As above, 'Select #3' have been printed three times,
  1. first time, through top Filter's condition, e.g. (<in_optimizer>((select #3),<exists>(select #4)))
  2. second time,  by postfix walk, through Filter's condition in 'Select #4', e.g. (<cache>((select #3)) < tc.e)
  3. third time, print subplan of 'Select #4'.

Only for the second time, it is unreasonable.

Suggested fix:
WalkItem will walk through all item subselect, thus for nested subselect, it may be collected more than once.
There is a natural thought to solve this, collect all the top subselect for nested subselect if any. Thus we need choose another way to walk item.
Otherwise, we can just prevent same path child been push_backed into children simply.
[14 Sep 2023 7:56] tianfeng li
Repeated subquery plans were printed in format=tree.

(*) I confirm the code being submitted is offered under the terms of the OCA, and that I am authorized to contribute it.

Contribution: 0001-Repeated-subquery-plans-were-printed-in-format-tree.patch (application/octet-stream, text), 1.97 KiB.

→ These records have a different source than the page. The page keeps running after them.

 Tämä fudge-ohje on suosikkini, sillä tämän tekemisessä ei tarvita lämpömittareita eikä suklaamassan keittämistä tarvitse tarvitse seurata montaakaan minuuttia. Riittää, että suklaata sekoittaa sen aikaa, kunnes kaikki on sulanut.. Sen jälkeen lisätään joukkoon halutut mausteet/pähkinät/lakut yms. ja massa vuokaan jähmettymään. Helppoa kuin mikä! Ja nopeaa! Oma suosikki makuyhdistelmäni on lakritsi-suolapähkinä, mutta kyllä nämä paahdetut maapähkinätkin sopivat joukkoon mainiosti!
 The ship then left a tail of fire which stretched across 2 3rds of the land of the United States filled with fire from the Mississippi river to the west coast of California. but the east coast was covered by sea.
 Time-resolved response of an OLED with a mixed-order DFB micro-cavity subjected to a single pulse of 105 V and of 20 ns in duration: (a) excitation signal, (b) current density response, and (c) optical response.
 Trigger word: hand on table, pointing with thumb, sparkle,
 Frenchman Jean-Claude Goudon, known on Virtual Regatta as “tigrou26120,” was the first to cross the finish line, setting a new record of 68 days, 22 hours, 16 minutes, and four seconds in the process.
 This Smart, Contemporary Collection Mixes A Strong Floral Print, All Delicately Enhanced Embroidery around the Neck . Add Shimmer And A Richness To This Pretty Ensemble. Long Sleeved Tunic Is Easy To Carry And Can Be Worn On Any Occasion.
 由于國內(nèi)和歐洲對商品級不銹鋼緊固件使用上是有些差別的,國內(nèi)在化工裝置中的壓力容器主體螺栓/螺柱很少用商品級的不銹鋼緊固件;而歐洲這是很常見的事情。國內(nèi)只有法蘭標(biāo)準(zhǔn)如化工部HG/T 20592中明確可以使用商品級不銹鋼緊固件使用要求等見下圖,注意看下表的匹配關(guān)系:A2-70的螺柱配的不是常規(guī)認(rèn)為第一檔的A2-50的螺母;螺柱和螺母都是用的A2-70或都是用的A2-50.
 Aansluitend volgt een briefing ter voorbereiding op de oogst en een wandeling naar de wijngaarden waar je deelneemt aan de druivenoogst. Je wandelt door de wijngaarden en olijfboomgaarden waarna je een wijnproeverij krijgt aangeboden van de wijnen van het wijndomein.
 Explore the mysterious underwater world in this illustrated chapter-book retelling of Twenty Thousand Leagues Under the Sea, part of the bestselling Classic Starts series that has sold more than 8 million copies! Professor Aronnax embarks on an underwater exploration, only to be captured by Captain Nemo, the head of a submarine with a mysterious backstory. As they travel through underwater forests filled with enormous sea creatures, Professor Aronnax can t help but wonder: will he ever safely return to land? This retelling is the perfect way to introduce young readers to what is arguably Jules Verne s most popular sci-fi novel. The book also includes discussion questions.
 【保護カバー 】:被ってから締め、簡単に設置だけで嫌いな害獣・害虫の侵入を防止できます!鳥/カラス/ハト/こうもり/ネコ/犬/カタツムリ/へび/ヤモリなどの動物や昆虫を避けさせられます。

[14 Sep 2023 8:05] MySQL Verification Team
Hello tianfeng li,

Thank you for the report and contribution.

regards,
Umesh
[9 May 12:28] Frederic Descamps
Thank you for your contribution, however our development team fixed this in parallel in a slightly different way.
[13 May 3:07] tianfeng li
Thank you for the update! I'm glad to hear the issue has been resolved.
Could you kindly share the commit link for the official fix when convenient? I'd like to learn from the team's approach to improve my future contributions.
Looking forward to contributing again in the future.